WORK REQUIRED — Leaving the pictures aside, write out the whole listing below exactly.

DATA BELOW —
_ _ _ _ _ _ _
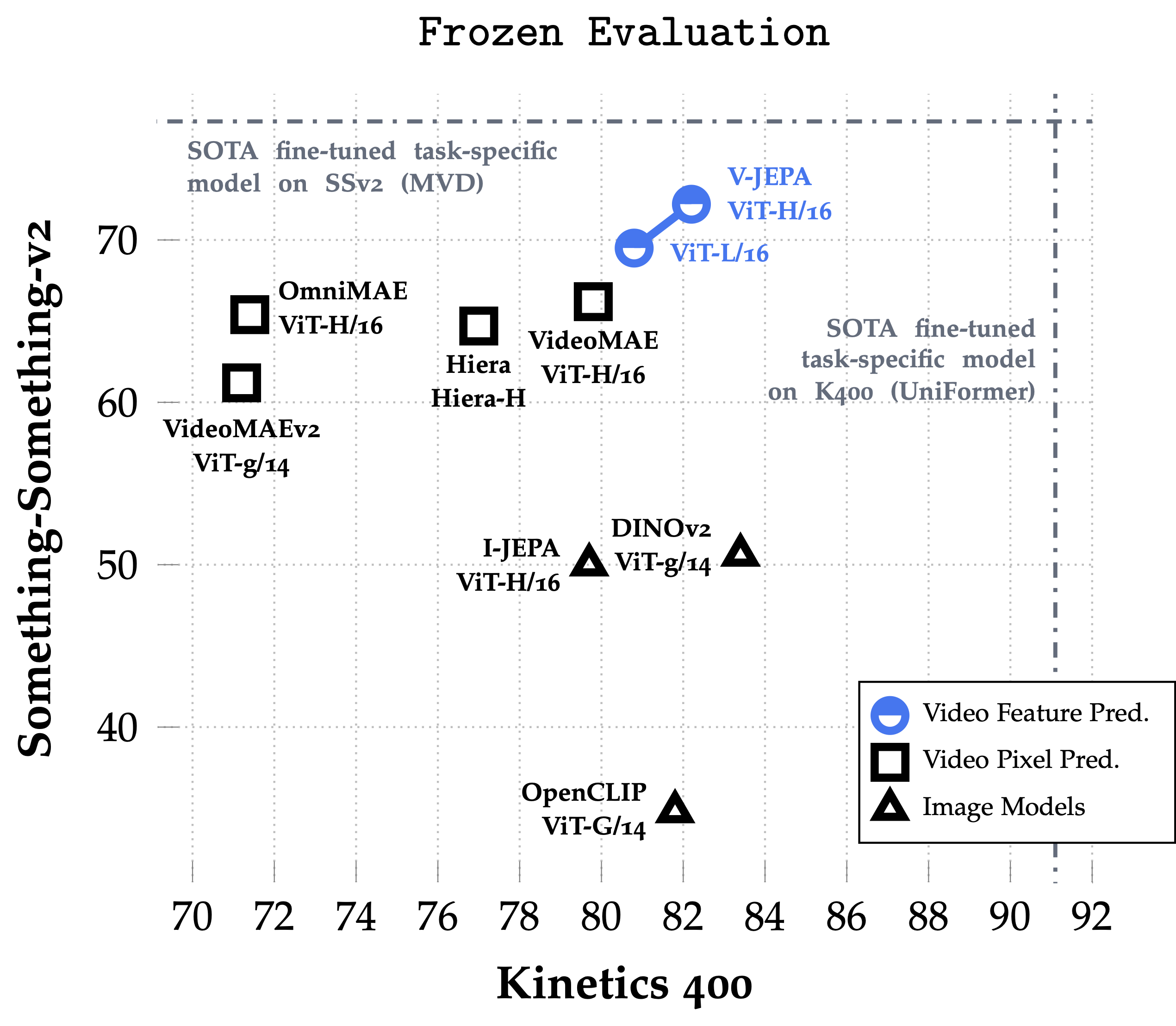 V-JEPA 预训练仅基于无监督特征预测目标(unsupervised feature prediction objective),不利用预训练的图像编码器(pretrained image encoders)、文本、负样本(negative examples)、人工标注或像素级重建(pixel-level reconstruction)。
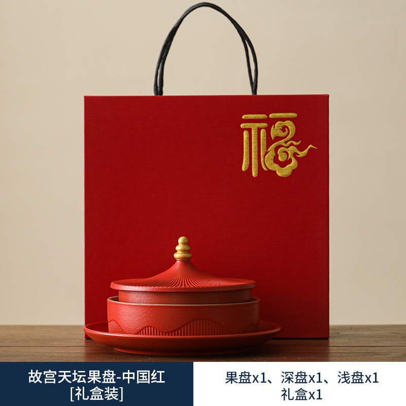 故宫国潮文创天坛果盘八一送党员礼物家用盘子新婚礼品礼盒
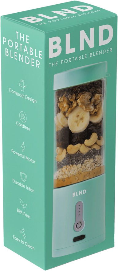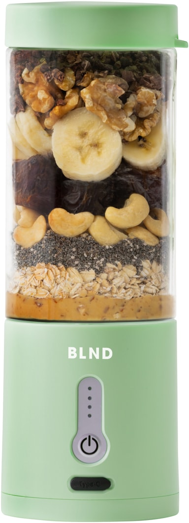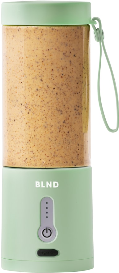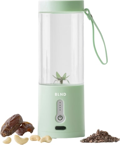 BLND blender MNT är idealisk för att göra smoothies och proteinshakes på språng. Dess 600 ml behållare, vassa blad och kraftfulla 120W DC-motor blandar frukt, grönsaker och nötter till en jämn blandning. Den har en vattentät laddningsport av typ C och ett förreglingssystem för att förhindra spill och säkerställa säker drift.
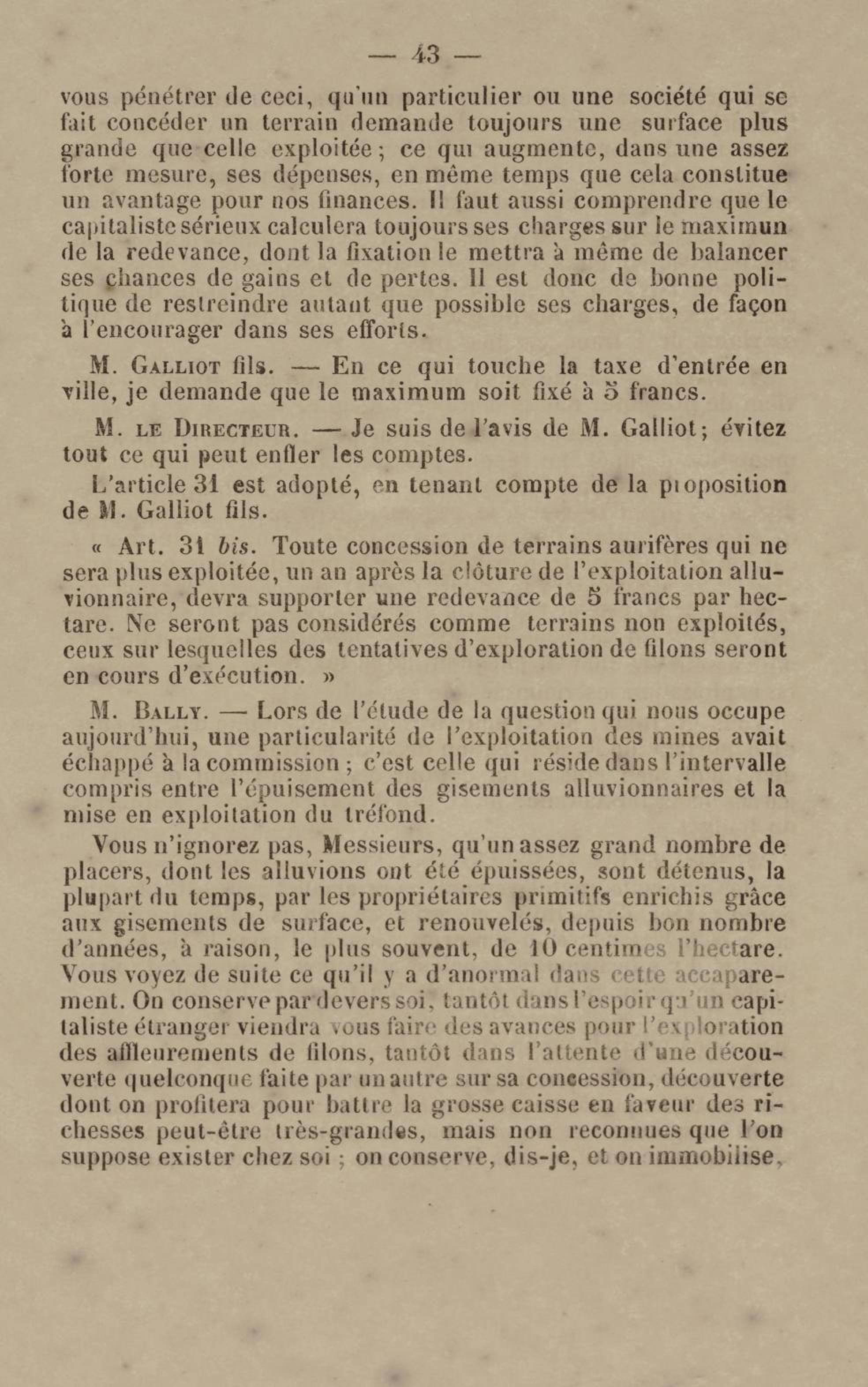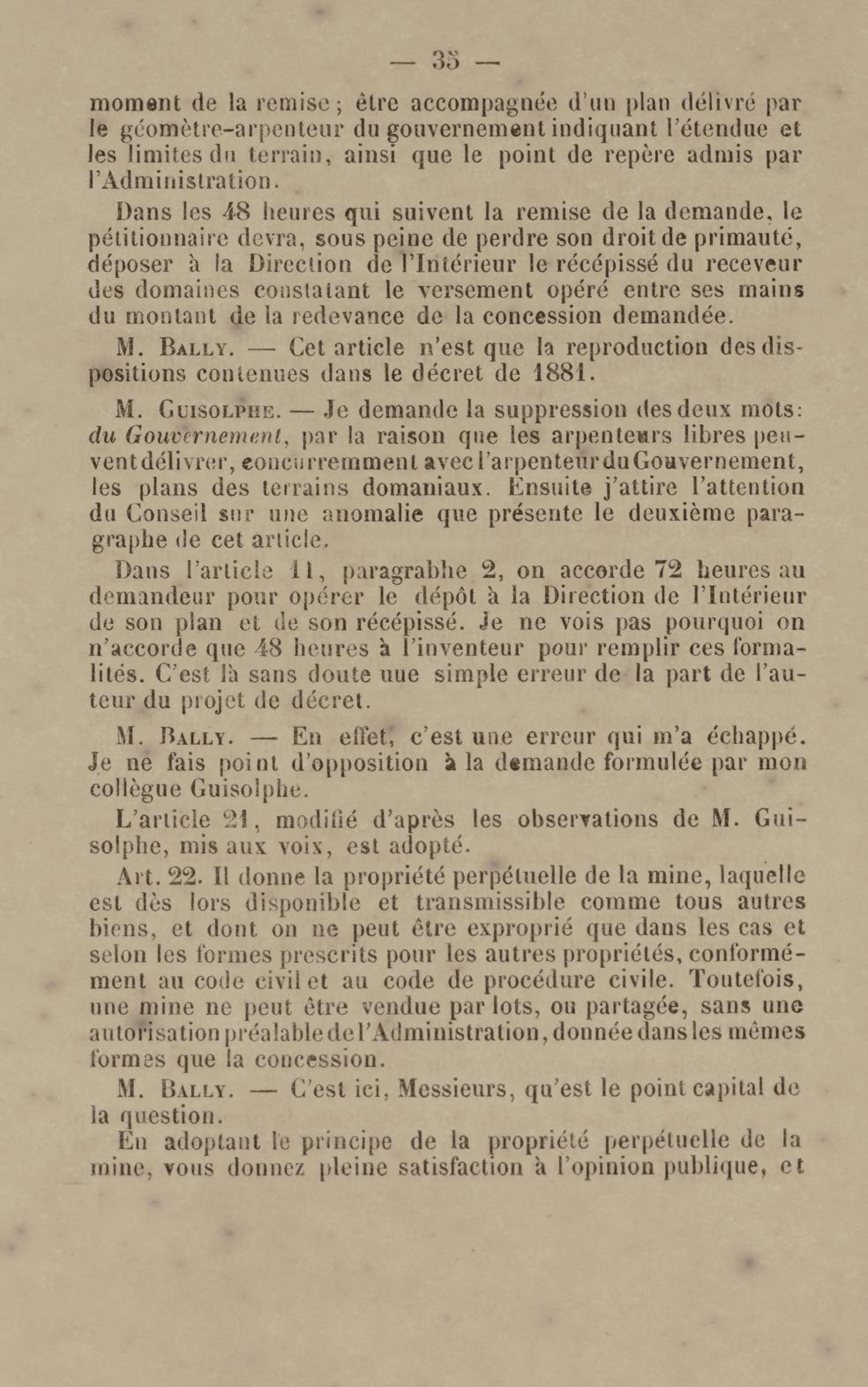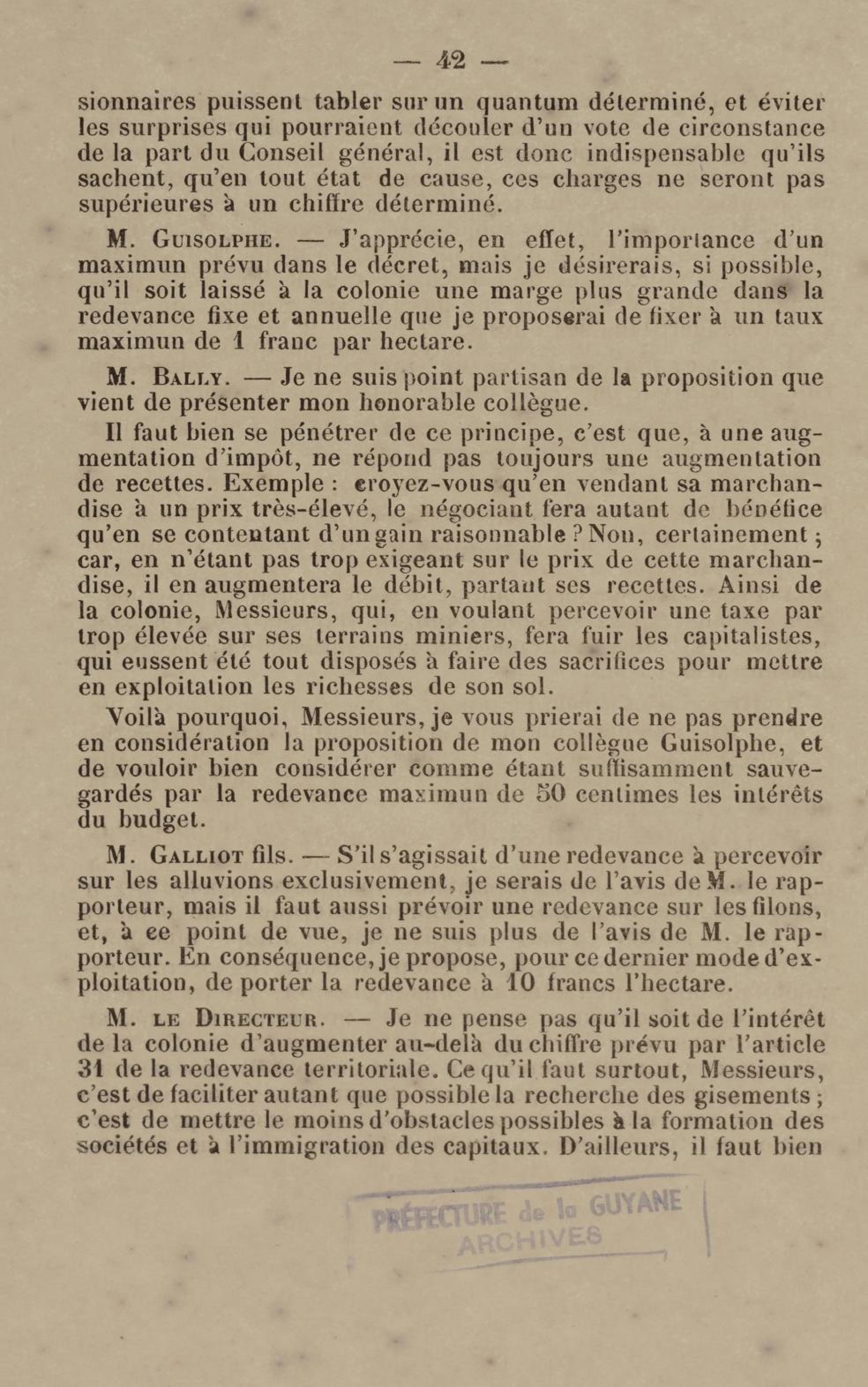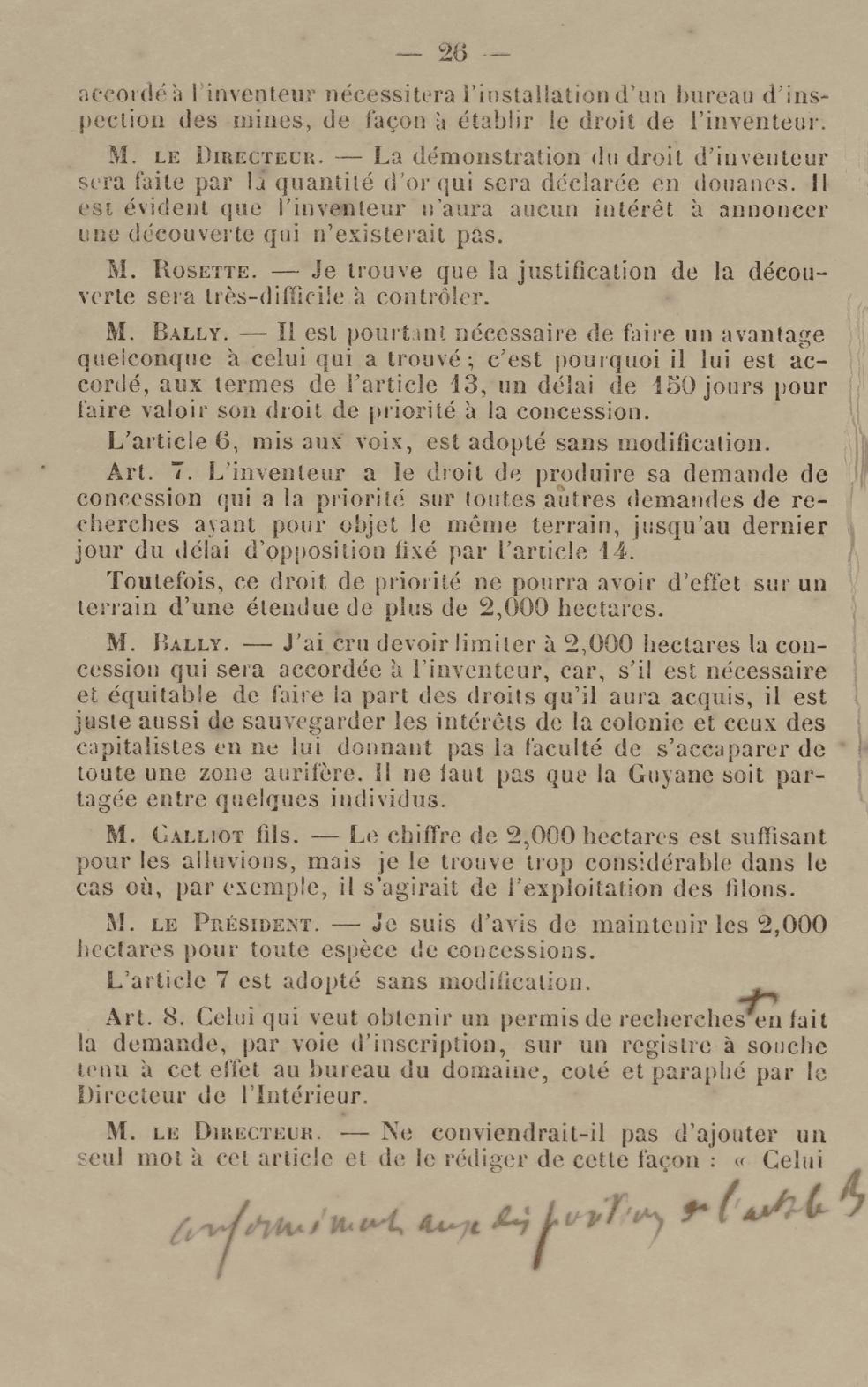 - Projet de décret sur la recherche et l'exploitation des gisements et filons aurifères à la Guyane française : voté par le Conseil général dans sa session extraordinaire de 1884
_ _ _ _ _ _ _
YOUR SOLUTION —
 V-JEPA 预训练仅基于无监督特征预测目标(unsupervised feature prediction objective),不利用预训练的图像编码器(pretrained image encoders)、文本、负样本(negative examples)、人工标注或像素级重建(pixel-level reconstruction)。
 故宫国潮文创天坛果盘八一送党员礼物家用盘子新婚礼品礼盒
 BLND blender MNT är idealisk för att göra smoothies och proteinshakes på språng. Dess 600 ml behållare, vassa blad och kraftfulla 120W DC-motor blandar frukt, grönsaker och nötter till en jämn blandning. Den har en vattentät laddningsport av typ C och ett förreglingssystem för att förhindra spill och säkerställa säker drift.
 - Projet de décret sur la recherche et l'exploitation des gisements et filons aurifères à la Guyane française : voté par le Conseil général dans sa session extraordinaire de 1884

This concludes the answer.